ADAC Zürich 24h Nürburgring: Liveticker & Livestream

Sonntag, 16:57 Uhr: Zum Vormerken: das 43. ADAC Zürich 24h-Rennen wird am 16.-17. Mai 2015 stattfinden, das Qualifikationsrennen am 11.-12. April 2015. Falls wer schon seinen Kalender für 2015 herumliegen hat. Wir ziehen uns nun auch wieder zurück und danken für’s Lesen und Folgen!

Sonntag, 16:49 Uhr: Die Sieger-Truppe von Phoenix Racing in der Pressekonferenz: „Von der ersten bis zur letzten Runde volle Attacke gefahren“
Phoenix Racing in der Pressekonferenz - 24h Rennen Nürburgring

Sonntag, 16:11 Uhr: Der Gesamtsieger des 42. ADAC Zürich 24h Rennen am Nürburgring: der Phoenix Racing Audi R8 LMS ultra:
Sieger 24h Rennen Nürburgring: Phoenix Racing Audi R8 LMS ultra #4

Sonntag, 16:09 Uhr: Jetzt kommt auch der Zweitplatzierte, der Black Falcon SLS AMG GT3, ins Ziel. Glückwunsch auch hier an das Team Jeroen Bleekemolen, Andreas Simonsen, Christian Menzel und Lance David Arnold!

Sonntag, 16:06 Uhr: Da ist der Gesamtsieger der 24h Stunden: Der Phoenix Audi R8 LMS ultra mit der Nummer 4 überfährt die Ziellinie. Gratulation an die Mannschaft Christopher Haase, Christian Mamerow, René Rast und Markus Winkelhock!
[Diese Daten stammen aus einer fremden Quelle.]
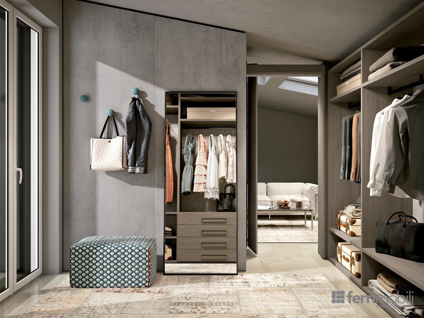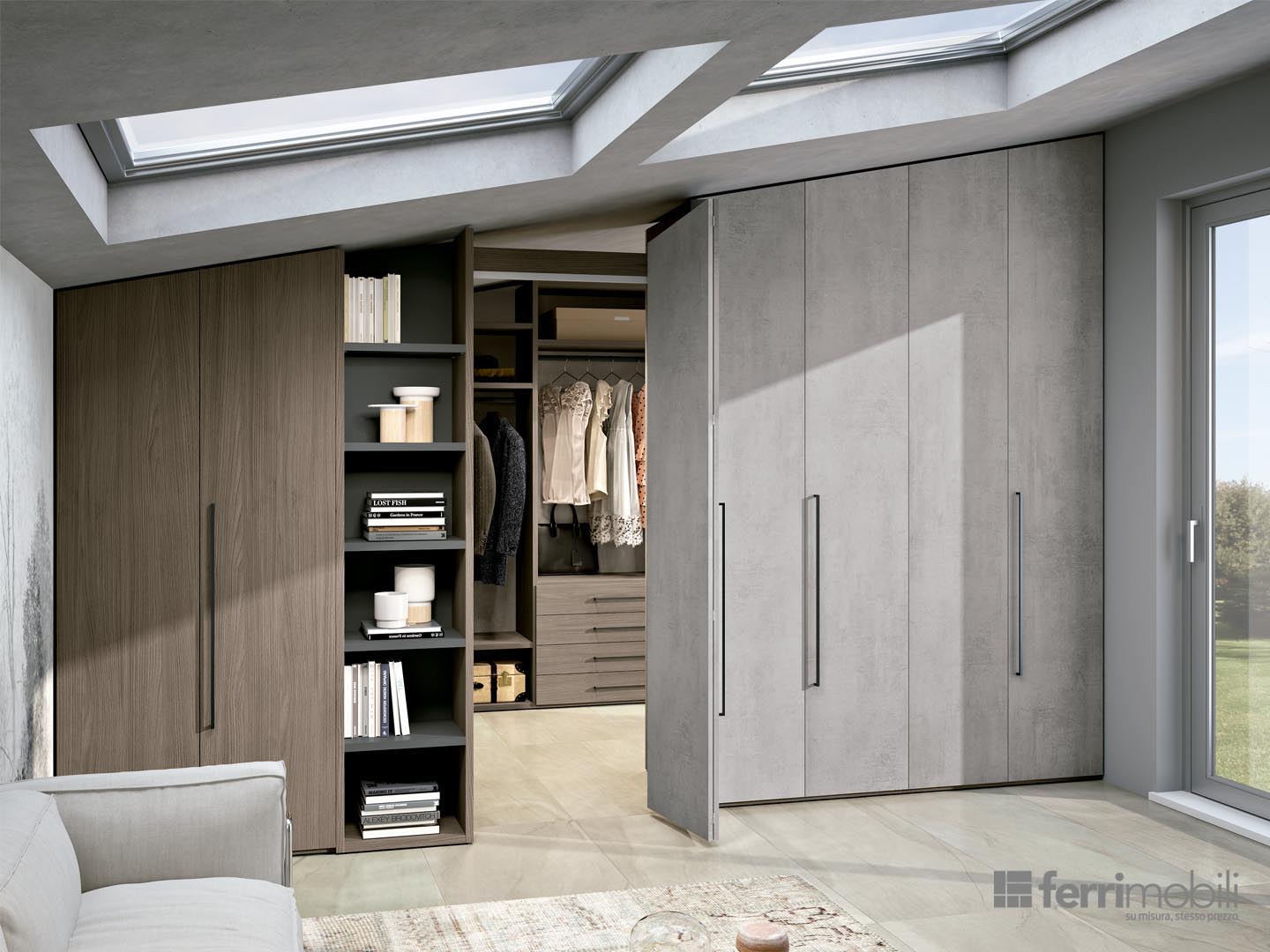 L’armadio bifacciale divide la zona giorno dalla cabina armadio realizzata con il sistema a spalla LOOK. Le ante dell’armadio ed il portale di passaggio sono a soffietto con taglio inclinato: grazie a questa soluzione è possibile avere vani unici larghi fino a 120 cm. Le diverse finiture delle ante e la libreria inserita di fianco al portale alleggeriscono visivamente tutta la composizione.

Sonntag, 16:04 Uhr: Jetzt haben wir’s Schwarz auf Weiß: der Aston Martin mit der Nummer 7 überfährt auf Platz 5 liegend die Ziellinie.

Sonntag, 16:03 Uhr: Nachdem der Schubert-BMW jetzt wieder zum Aston aufgeschlossen hat, fiel eben die Entscheidung: ein Clio hätte Pflanzgarten 2 fast noch einen Unfall verursacht, für Hürtgen ist damit kein rankommen mehr.

Sonntag, 16:02 Uhr: Der Baumgartner Audi #502 ist eben durch’s Ziel – Position 9. Und eine kleine Sensation: der Falken Porsche auf Platz 4!

Sonntag, 16:00 Uhr: Die karierte Flagge wird geschwenkt, die ersten Autos kommen ins Ziel. An der Spitze muss aber noch eine Runde überstanden werden.

Sonntag, 15:57 Uhr: Auf geht’s in die letzte Runde, der Phoenix Racing R8 ist eben ein letztes Mal über die Start-/Ziellinie gefahren. Aston Martin Nummer 7 eben nochmal mit einer 8:26.692.

Sonntag, 15:54 Uhr: Ein Astra OPC hat eventuell jetzt die Entscheidung gebracht, indem er nach Überrundung durch den Aston Martin im Karussell die Türe zumachte und Hürtgen scharf abbremsen musste. Fakt ist: es wird eine weitere Runde geben.

Sonntag, 15:52 Uhr: Hürtgen fährt nur wenige Meter hinter dem Aston Martin. Jede Überrundung könnte jetzt um die Position entscheiden. Das Bergwerk hoch fliegen beide Fahrzeuge an einem Fahrzeug vorbei, der Aston Martin links, der BMW rechts!

Sonntag, 15:51 Uhr: Dilemma für die beiden Kämpfer: machen sie langsam, würden sie nur noch knapp eine Runde fahren müssen. So wie sie aber jetzt am Gas hängen, um sich auf der 5 zu behaupten, werden sei den Kampf aber noch über zwei volle Runden austragen müssen. Der Sieger dieses Kampfes wird also erst etwa 5 Minuten nach 16 Uhr feststehen. Aktuell sind die beiden die einzigen Unter-8:30-Minuten-Fahrzeuge im Feld.

Sonntag, 15:46 Uhr: Große Spannung, wie die 7 und die 20 nun durch’s Feld fräsen, um sich Platz 5 zu sichern!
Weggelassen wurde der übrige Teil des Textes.